Novel bacteria for long-chain fatty acid degradation

The substantial increase in transcriptional level observed in the LCFA pathways with the increased organic loadings (Fig. 4) indicated the presence of potential LCFA degraders within this anaerobic microbiota. A total of 64 MAGs was proposed as the potential LCFA degraders via the complete beta-oxidization pathway, including members of Desulfobacterota, Pseudomonadota (previously known as Proteobacteria), and Bacillota (formerly known as Firmicutes) (Fig. 4), consistent with results from studies on the anaerobic LCFA-degrading communities based on 16S rRNA gene or metagenomic sequencing [53,54,55,56]. Specifically, two populations in family Smithellaceae: bin.332 (contig=26, 92.9% completeness) and bin.167 (contig=26, 96.1% completeness), and one Syntrophales population, bin.292 (contig=13, 90.3% completeness), were identified as the key active LCFA-degraders, as strongly evidenced by their increased activities and relatively high transcriptional expression (42.1 ± 8.8%, 9.6 ± 0.7%, and 9.1 ± 1.4%) in the beta-oxidation pathway under the highest organic loading (Supplementary Data 8 and Data 12). This finding further provided transcriptomic evidence for the vital role of family Smithellaceae in LCFA breakdown [56]. Moreover, Smithellaceae bin.332 and Syntrophales bin.292 were recognized as the novel LCFA-degrading bacteria (discussed in Supplementary Note 6.2), highlighting the incomplete characterization of microbial genomes involved in LCFA breakdown and the importance of omics-based approaches in discovering novel anaerobic microbes with unidentified functions from complex environments.

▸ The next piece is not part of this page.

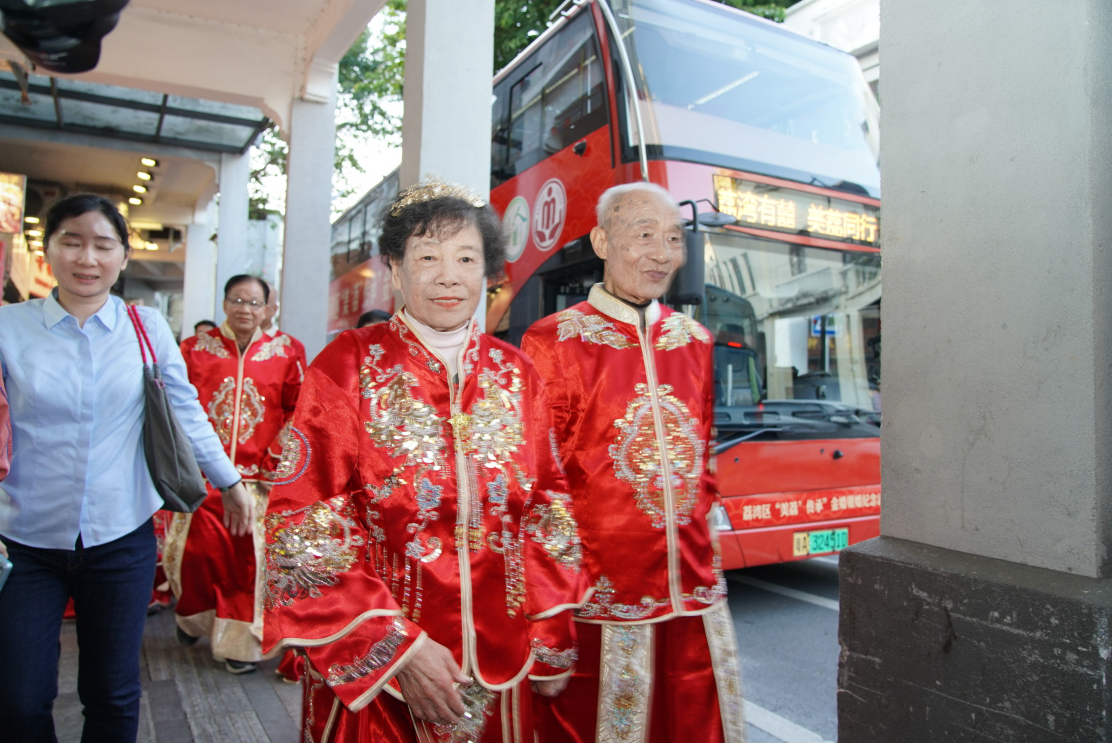 活动中,8对身穿中式婚服的“银发夫妻”在家人、现场嘉宾的见证下,手牵手缓缓登上“美‘荔’婚车,踏上荔湾区“甜蜜路线”婚车巡游之旅。巡游途经荔湾湖公园、仁威庙、荔枝湾、永庆坊等荔湾特色景点,金婚银婚夫妇们动容地看着每一处承载着夫妻美好回忆的沿途风景,那是他们有关爱情的故事、有关荔湾的故事。婚车上精心准备了“一盅两件”“一盅”指的是一壶茶,“两件”则是指两笼点心。“一盅两件”慢慢“叹”,是广府几百年来特有的“茶楼文化”。盖子一打开,还是那几味合口味的点心:秘制黑叉烧、虾饺、糯米鸡、广式蛋挞……在双层婚车巴士上,品味着熟悉的味道,身旁是谈天说地的老伴,这就是“老广”最温馨的时刻。粤剧艺术博物馆是巡游的终点站,工作人员带领夫妇们进入拍摄现场,耐心地教夫妇们如何摆姿势。镜头下的老年夫妇,在摄影中重温情感经历,脸上都洋溢着满满的幸福。拍照间隙交流中,不少老夫妻表示:“当年我们结婚都没有穿过这样的衣服,照片还是黑白的,没想到现在真的有这么好的机会弥补我们的遗憾,我们非常感谢新时代带给我们的幸福。”

The above three key active LCFA-degrading bacteria harbored and/or transcriptionally expressed gene encoding a protein FadL to transport fatty acids into the bacterial cytoplasm [57]. And the transported fatty acids were activated by high transcriptional expression of the gene (ACSL, fadD) encoding long-chain acyl-CoA synthetase to form fatty acyl-CoA. Subsequently, the fatty acyl-CoA undergoes repetitive beta-oxidation cycles, which is facilitated by the high transcriptional expression of specific enzymes encoded by acyl-CoA dehydrogenase (acd), enoyl-CoA hydratase (echA), 3L-hydroxyacyl-CoA dehydrogenase (fadN), and acetyl-CoA acyltransferase (fadI), especially in bin.332 and bin.292 (Fig. 5, Supplementary Data 12). Interestingly, in addition to the LCFA beta-oxidation pathway, bin.332 and bin.292 also exhibited high transcriptional expression of propionate oxidation and butyrate beta-oxidation pathway, respectively. Similar metabolic capacity for simultaneous degradation of LCFA and SCFA has been observed in isolates within the genus Syntrophomonas, e.g., Syntrophomonas palmitatica strain MPA and Syntrophomonas zehnderi strain OL-4 [58, 59]. These findings indicated that these syntrophic populations possessed metabolic flexibility, enabling them to utilize fatty acids of different lengths and saturation levels for growth and energy production.

Fig. 5
figure 5

Metabolic reconstruction in the key novel syntrophic fatty acid-oxidizing bacteria and their interactions with the most active methanogens. Only the long- and short-chain fatty acid oxidation pathways, the reverse electron transfer mechanism and transporters are presented in the syntrophic bacteria. Light pink and violet cell cartoons present two predominant methanogens of Methanothrix (bin.206) preferring acetate and Methanoregulaceae (bin.74) consuming H2 and formate generated by the bacteria. The other detailed information of pathway reconstructions is provided in Supplementary Data S12

Short-chain fatty acid syntrophic degradation

Non-accumulation of SCFAs in effluent relative to their high concentrations in substrate implied the vital contribution of syntrophic SCFA oxidation to the substrate conversion. Despite the high amount of acetate in the substrate and its production during the LCFA breakdown, acetate conversion in this reactor is primarily driven by aceticlastic methanogens rather than bacterial syntrophic oxidation, as elaborated in the Supplementary Note5.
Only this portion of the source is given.